Dieser Text wurde mehrfach erweitert, um nach und nach alle wesentlichen Änderungen in Linux 5.5 zu beschreiben. Zur am 27. Januar erfolgten Freigabe dieser Kernel-Version haben wir die Erzählreihenfolge verändert und Abschnitte zu wichtigeren Neuerungen an den Anfang gestellt. Von nun an behält der Text seine jetzige Form.

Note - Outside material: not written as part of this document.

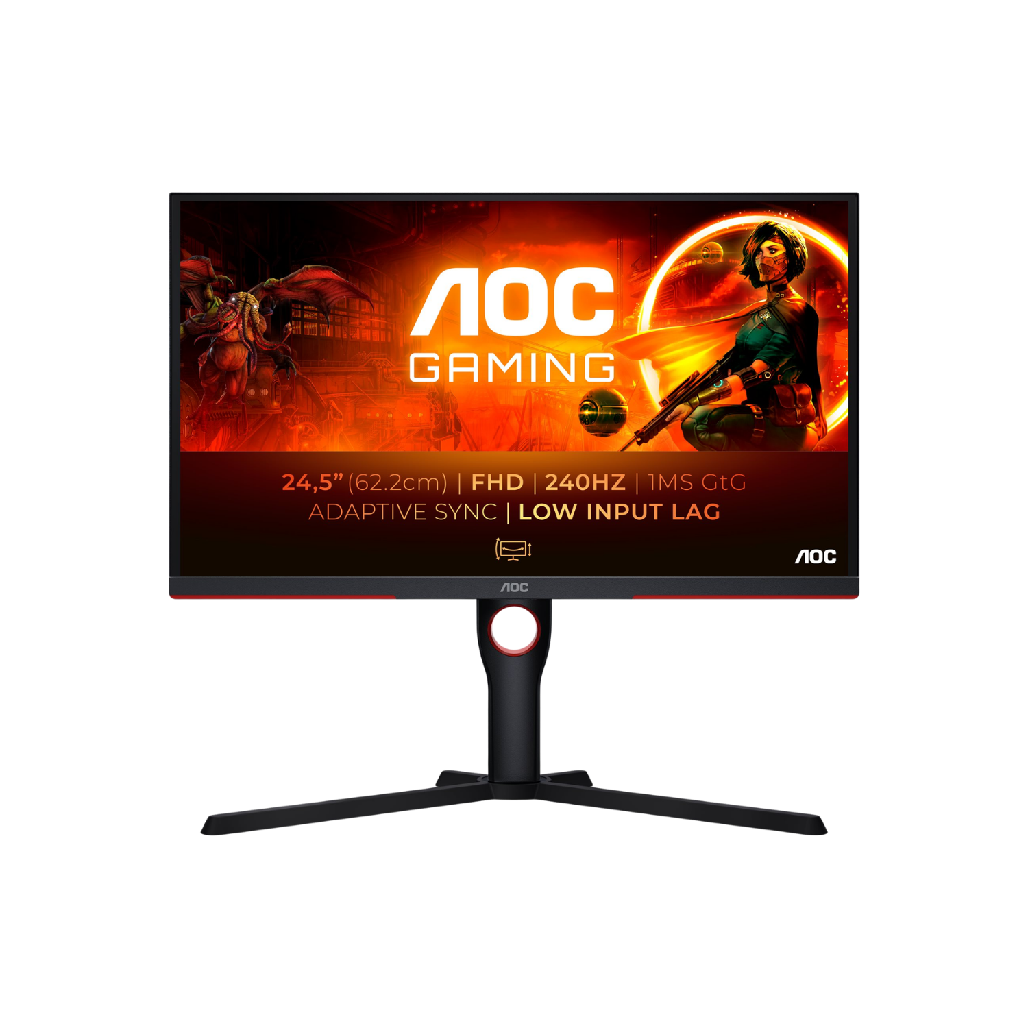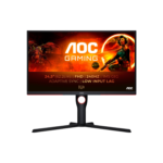 Som skærm medfølger AOC Gaming 25G3ZM/BK, en 25″ Full HD gaming-skærm med 240 Hz, VA-panel og AMD FreeSync Premium, som er ideel til e-sport hvor lav input lag og høj opdateringshastighed betyder noget. Skærmen har 0,5 ms MPRT / 1 ms GtG og gode ergonomiske justeringsmuligheder.

Details zur Versionshistorie des Artikels finden Sie am Artikelende.

Der neue Kernel hat bereits viele Änderungen zur Handhabung von USB4 erhalten (u. a. 1, 2, 3, 4, 5, 6, 7, 8, 9). Der Rest zur Unterstützung des aus Thunderbolt 3 hervorgegangenen Verbindungsstandards soll bei Linux 5.6 folgen. Apropos Thunderbolt 3: Der Software Connection Manager unterstützt die Technik jetzt. Das ist derzeit vor allem für Apple-Systeme wichtig, denn da kann sich die Firmware nicht um das Verbindungsmanagement kümmern, wie das bei PCs typischerweise der Fall ist.

Einige Umbauten an Audio- und USB-Treibern versprechen die Leistungsaufnahme einiger moderner Notebooks ein klein wenig zu senken und so die Akkulaufzeit zu verlängern. Zu diesen Änderungen zählen etwa einige Patches rund um die HDMI-Audio-Codecs-Treiber für AMD-Prozessoren (1, 2, 3, 4). Systeme mit Intels aktuellen Prozessoren profitieren durch einen Anpassung beim XHCI-Treiber .

Linux 5.5 bringt endlich Basis-Support für den Raspberry Pi 4 (u. a. 1, 2, 3, 4, 5, 6, 7, 8, 9). Außerdem stieß auch ein Treiber für dessen Gigabit-Ethernet-Controller dazu.

Der Support für den Raspberry Pi 4 im Linux-Kernel ist noch lückenhaft.

(Bild: github.com – lategoodbye/rpi-zero/issues/43)

Das ist für Projekte wie Fedora und Debian wichtig, die mit einem oder sehr wenigen Kernel-Images möglichst viele verschiedene Systeme und Einsatzgebiete abdecken wollen – idealerweise ein Kernel-Image pro Architektur, und ohne den Linux-Quellcode dazu groß modifizieren zu müssen.

Ein Treiber für den PCIe-Controller des populären Kleincomputers kam indes zu spät für 5.5, daher ist auch der darüber angebundene USB-Controller vorerst unerreichbar. Das ist einer von mehreren Gründen, warum der offizielle Kernel den neuesten Raspi vorerst deutlich schlechter unterstützt als der heftig modifizierte Linux-Kernel der Raspberry-Pi-Foundation, den Distributionen wie Raspbian mitliefern. Viele der dort vorgenommenen Modifikationen können aber nicht auf die Schnelle in den offiziellen Linux-Kernel umziehen, weil der Code den Qualitätsansprüchen der Kernel.org-Entwickler nicht gerecht wird – vielfach nicht einmal ansatzweise.